Moore: Obviously if you have the current BBC’s setup, that’s what you must try to be. I mean both that you must morally, and that you must for your own survival. Other-wise you couldn’t endure. But maybe all that is being blown away. Maybe the American system — or lack of a system — gives a better reflection of the reality of the world. The BBC exists thanks to a poll tax which it is literally illegal to avoid. It is collected with a phenomenal ruthlessness, which, if it were not the BBC doing it, the BBC would itself expose. And we know that’s not going to last, because no young person now pays. In the modern world, media organisations are far more powerful than they used to be. And they ought to be challenged.
Robinson: Will you forgive me going back? I read a piece that you had written in which you were worried that Article 50 can be overturned. I can see why, after all your adult life having this argument, you would be concerned about that. But my worry is that we’ll kill this interesting period of political debate by some sort of desperate, banal tedium of broadcasting being, ‘And now campaign A will be countered by campaign B. Campaign A will say X and campaign B will say not X.’ If we do that for two years, then we will all want to jump into the Channel.

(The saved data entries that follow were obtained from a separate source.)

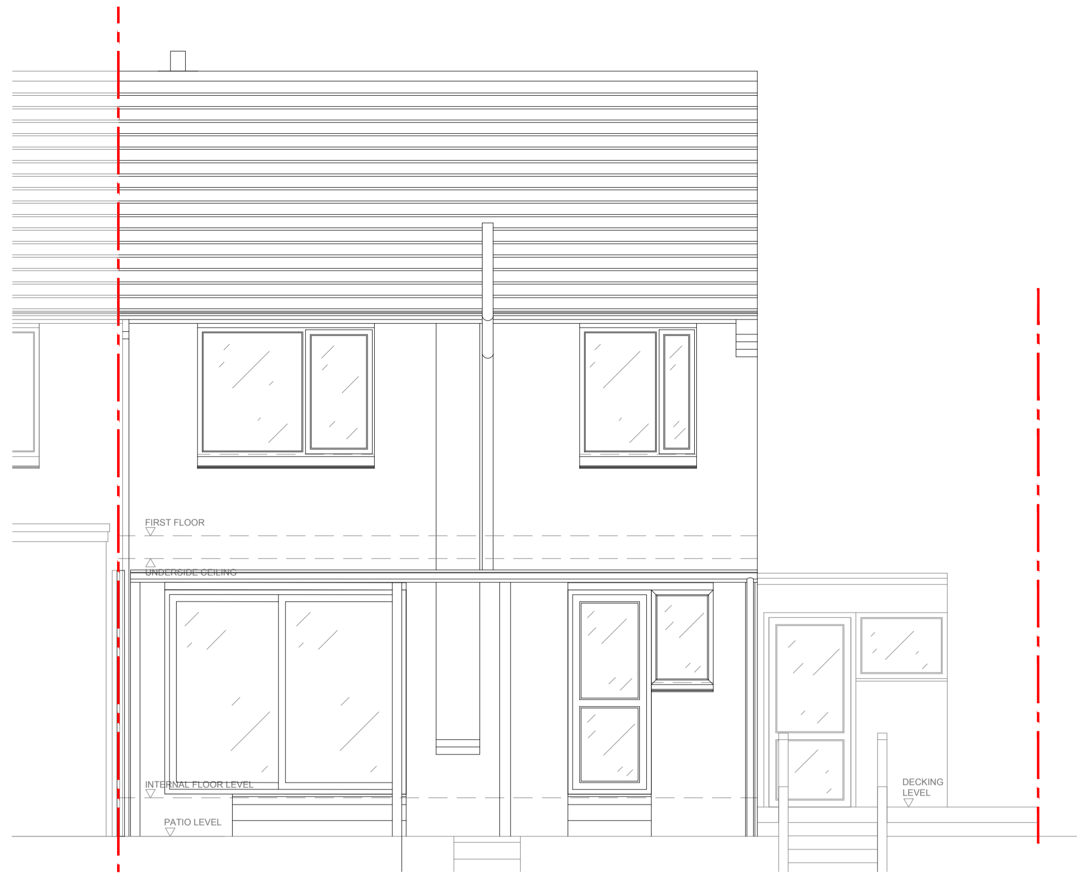
EXISTING REAR ELEVATION SCALE 1:50 @ A1 / 1:100 @ A3
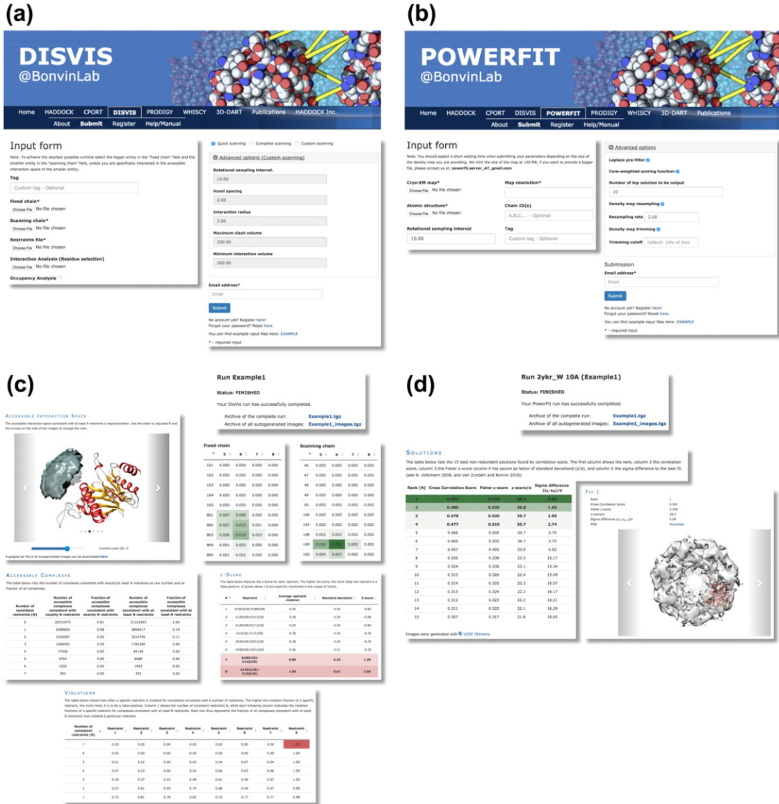
Fig. 2. Excerpts from the submission (top) and results (bottom) pages of (a and c) DisVis and (b and d) PowerFit.
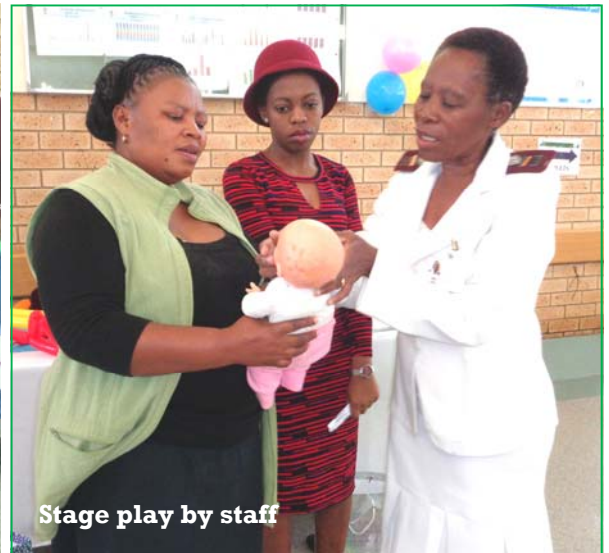
Stage play by staff
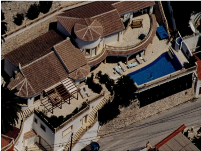
Birds eye view
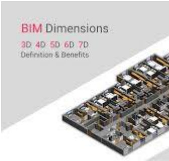
Figure What are BIM Dimensions? - 3D, 4D, 5D, 6D, and 7D

3D, 4D, and 5D Engineered Models for Construction , This Technical Brief provides an overview of 3D modeling, including technology applications during design and construction, benefits to stakeholders, resource. fhwa dot gov/construction/pubs/hif13048 pdf
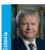
Rein Lang Minister of Justice

Moore: One way of not doing it would be for the BBC to be much, much bolder about the subject matter, so you can then have programmes which are much more fierce either way. The BBC might then not always present leaving the EU as almost impossibly difficult. It’s a fight all the way: the BBC is trying to throw up obstacles instead of looking ahead and asking: ‘How does the decision that the nation has made get enacted?’

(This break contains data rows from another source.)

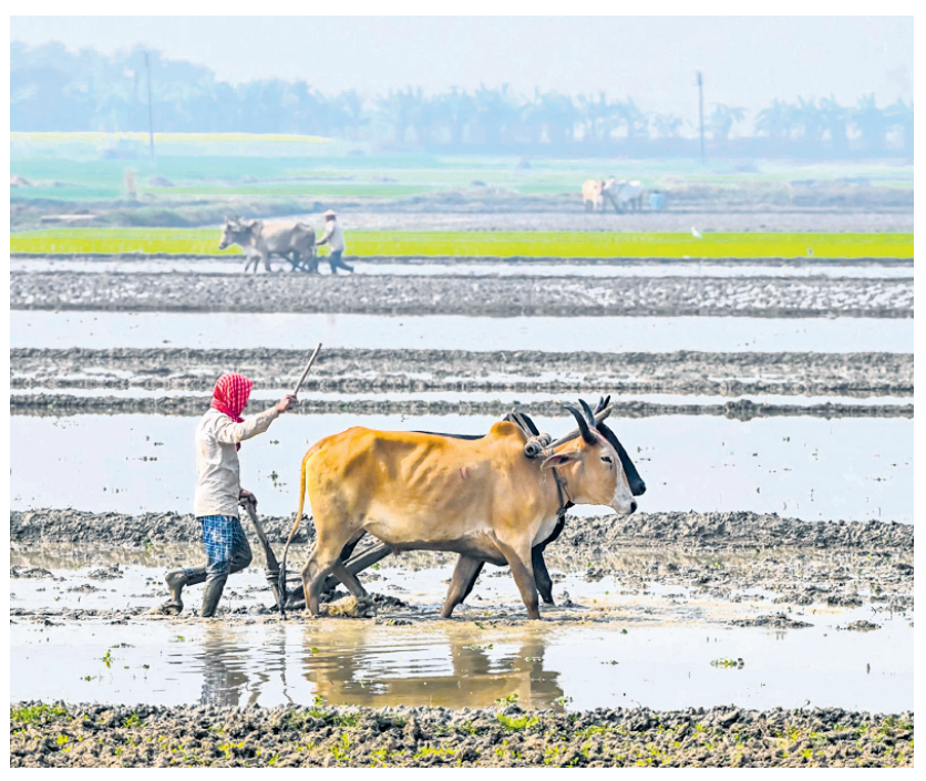
A farmer prepares an agricultural land for paddy cultivation, in Nadia district, West Bengal
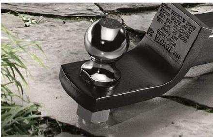
Towing Hitch Ball - 2" - 6,000 lbs $33.50

Specifically engineered for Tundra to obtain the safest maximum tow rating and to meet or exceed all industry towing standards. It is e-coated and powder coated to prevent rust and corrosion.
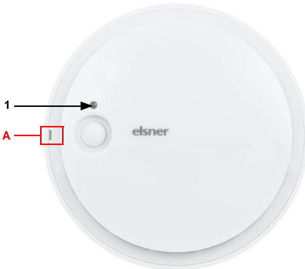
Fig. 1 1 Brightness sensors

A Recess to open the housing. When closing the housing, the recess aligns to the marking on the skirting
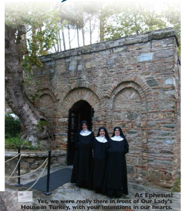
At Ephesus! Yes, we were really there in front of Our Lady's House in Turkey, with your intentions in our hearts.

This awesome confirmation of our community's charism to emulate the life of Our Blessed Mother, especially in her role in the early days of the Church as a presence and support to the first priests, the Apostles, was viably felt when we entered her humble abode.

Robinson: I not only disagree with but, frankly, resent the idea that the BBC is throwing up obstacles. The BBC didn’t take Brexit to the Supreme Court: people took it to the Supreme Court. When you edited the Daily Telegraph, you’d have sacked everybody who suggested: ‘Don’t cover that, cover Iain Duncan Smith’s latest press release.’ You cover the biggest story — which is, for example, that Brexit could have been derailed by a court case.

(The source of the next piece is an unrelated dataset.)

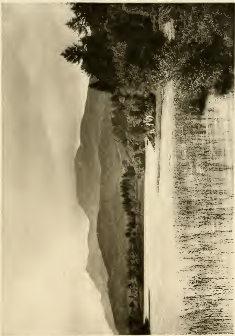
BEN LOMOND FROM DUBH LOCHAN.

But a point you make really well — which I will take away — is that the system will keep throwing up potential problems, hurdles, call them what you will. Business uncertainty, legal cases, warnings from Europeans that this won’t be achieved in this or that negotiation — there is an endless supply of things that may sound like bad news, sour grapes or wishing for a different result. Now, I would say that they’re not. They’re generated by a real external process, not by the BBC, and we report on it. But we have to look for the range of voices, range of arguments and so on.
So my plea is: let’s not turn this debate into something dictated by 25-year-old PRs writing a ‘line to take’ to be read out by campaign spokesmen from either side. And end up stuck in that cycle for the next two years.
Moore: Well, we all say Amen to that. My little sign-off is that you’re going to have to change, because we are going to leave. And if the BBC is still the pro-Remain organisation, it won’t survive.
Robinson: Which it isn’t! And it will!